[MATERIAL FOR THIS EXERCISE]:
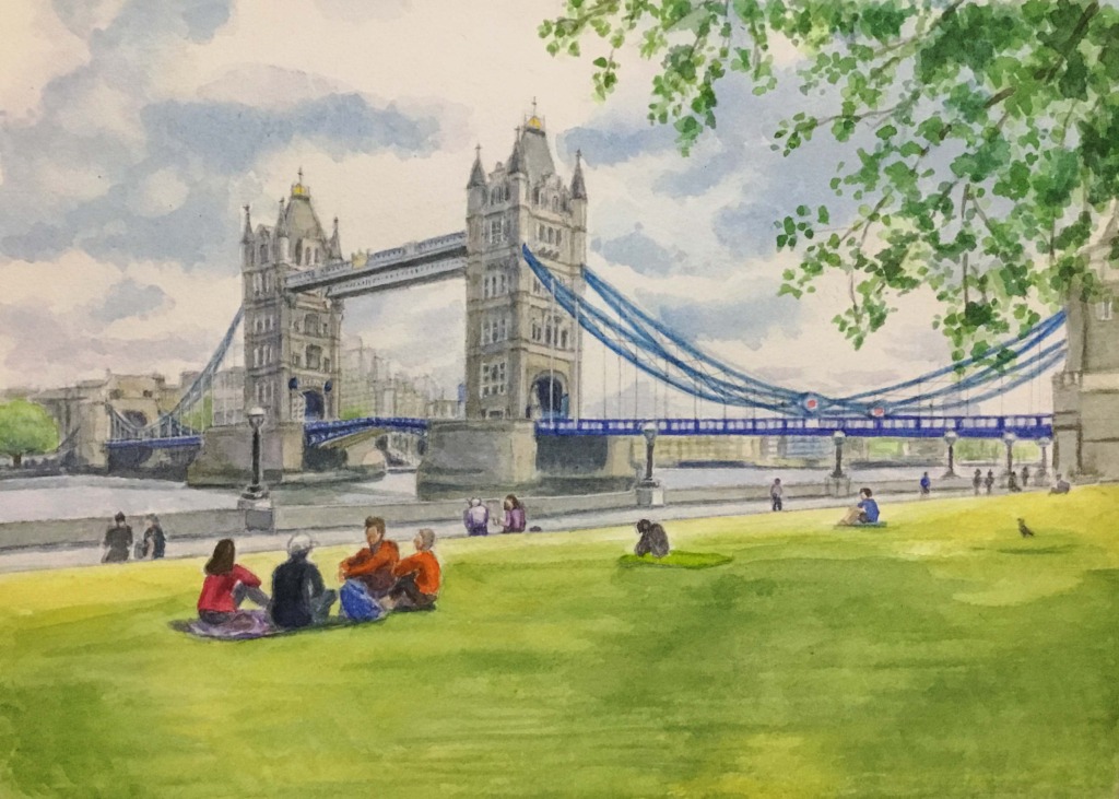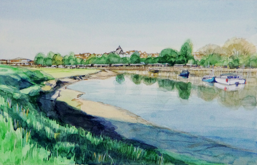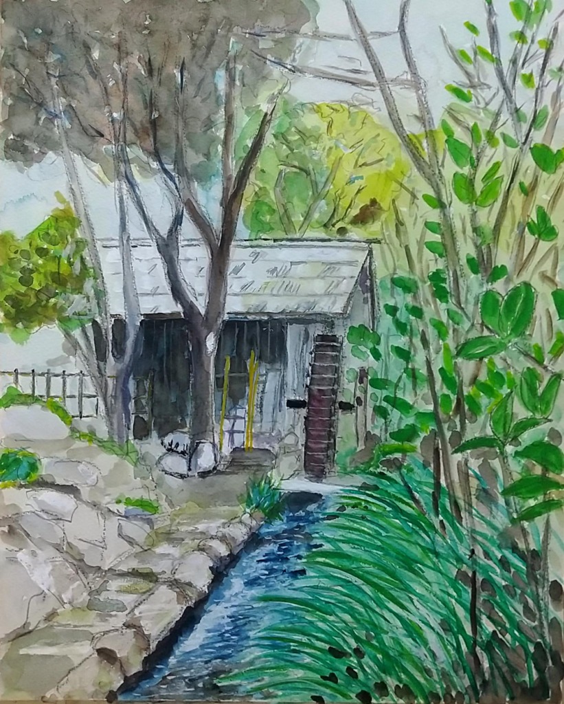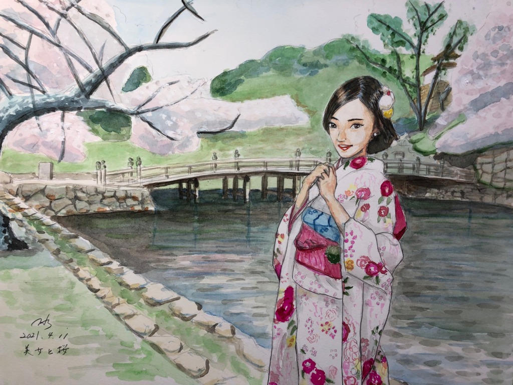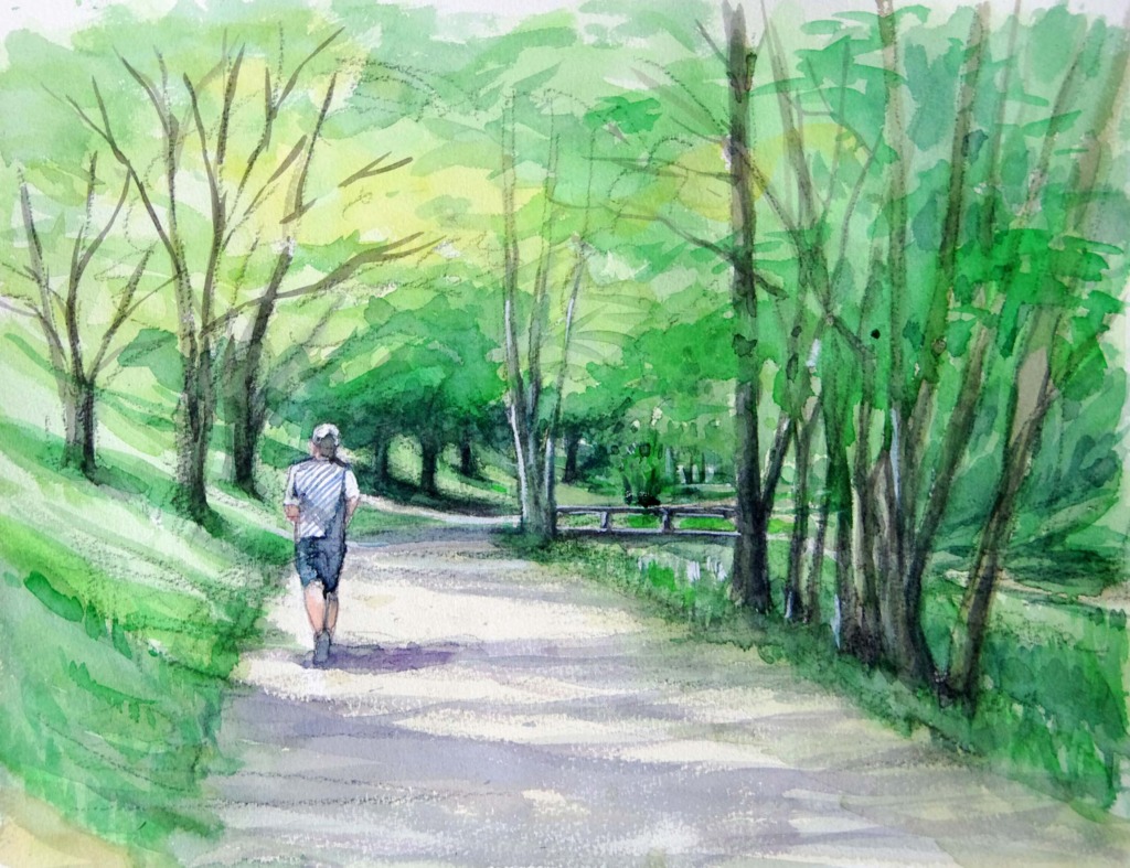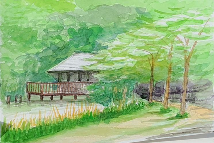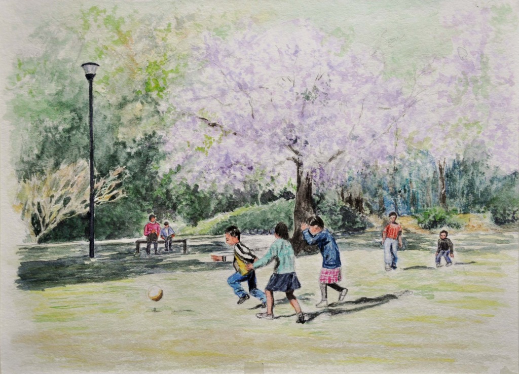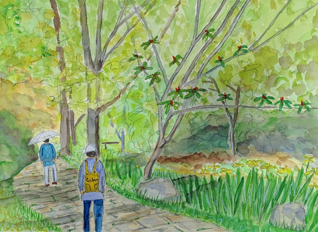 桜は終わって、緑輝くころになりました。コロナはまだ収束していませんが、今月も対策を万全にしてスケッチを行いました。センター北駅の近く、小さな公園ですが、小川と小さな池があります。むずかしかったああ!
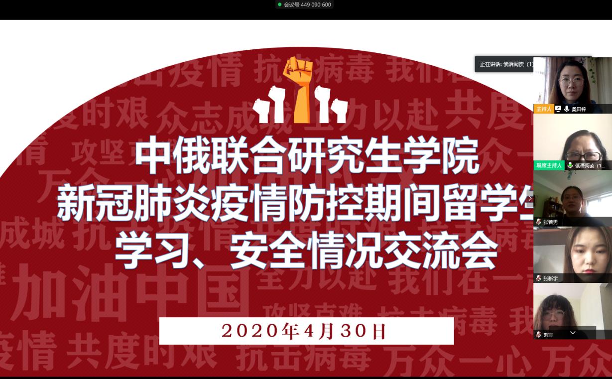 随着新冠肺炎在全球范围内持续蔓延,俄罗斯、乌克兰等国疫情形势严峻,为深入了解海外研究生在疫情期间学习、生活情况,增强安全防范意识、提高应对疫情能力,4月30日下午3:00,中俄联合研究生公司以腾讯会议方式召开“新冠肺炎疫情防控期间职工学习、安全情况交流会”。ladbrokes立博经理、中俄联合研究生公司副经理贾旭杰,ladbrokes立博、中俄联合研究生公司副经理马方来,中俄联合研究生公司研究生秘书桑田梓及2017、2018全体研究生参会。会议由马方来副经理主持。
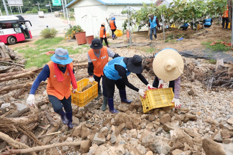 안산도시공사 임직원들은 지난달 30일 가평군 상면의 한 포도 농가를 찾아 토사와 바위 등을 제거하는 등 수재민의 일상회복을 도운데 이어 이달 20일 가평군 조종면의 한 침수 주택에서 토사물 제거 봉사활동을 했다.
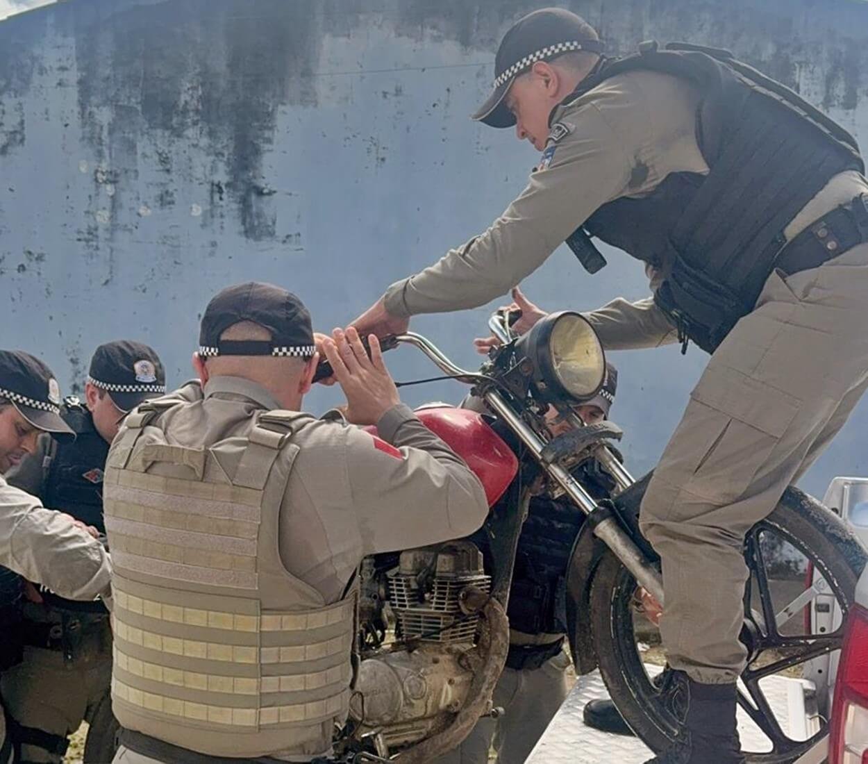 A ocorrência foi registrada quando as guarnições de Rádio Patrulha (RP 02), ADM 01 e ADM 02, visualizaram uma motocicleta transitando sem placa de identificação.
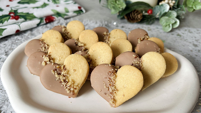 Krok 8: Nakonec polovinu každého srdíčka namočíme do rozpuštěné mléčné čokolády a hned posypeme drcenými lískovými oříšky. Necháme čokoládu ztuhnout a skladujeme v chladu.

[EXERCISE OBJECTIVE]:
Going through the records above line by line, transcribe each one exactly and skip any pictures.

[RESULT OF THE TASK]:
 桜は終わって、緑輝くころになりました。コロナはまだ収束していませんが、今月も対策を万全にしてスケッチを行いました。センター北駅の近く、小さな公園ですが、小川と小さな池があります。むずかしかったああ!
 随着新冠肺炎在全球范围内持续蔓延,俄罗斯、乌克兰等国疫情形势严峻,为深入了解海外研究生在疫情期间学习、生活情况,增强安全防范意识、提高应对疫情能力,4月30日下午3:00,中俄联合研究生公司以腾讯会议方式召开“新冠肺炎疫情防控期间职工学习、安全情况交流会”。ladbrokes立博经理、中俄联合研究生公司副经理贾旭杰,ladbrokes立博、中俄联合研究生公司副经理马方来,中俄联合研究生公司研究生秘书桑田梓及2017、2018全体研究生参会。会议由马方来副经理主持。
 안산도시공사 임직원들은 지난달 30일 가평군 상면의 한 포도 농가를 찾아 토사와 바위 등을 제거하는 등 수재민의 일상회복을 도운데 이어 이달 20일 가평군 조종면의 한 침수 주택에서 토사물 제거 봉사활동을 했다.
 A ocorrência foi registrada quando as guarnições de Rádio Patrulha (RP 02), ADM 01 e ADM 02, visualizaram uma motocicleta transitando sem placa de identificação.
 Krok 8: Nakonec polovinu každého srdíčka namočíme do rozpuštěné mléčné čokolády a hned posypeme drcenými lískovými oříšky. Necháme čokoládu ztuhnout a skladujeme v chladu.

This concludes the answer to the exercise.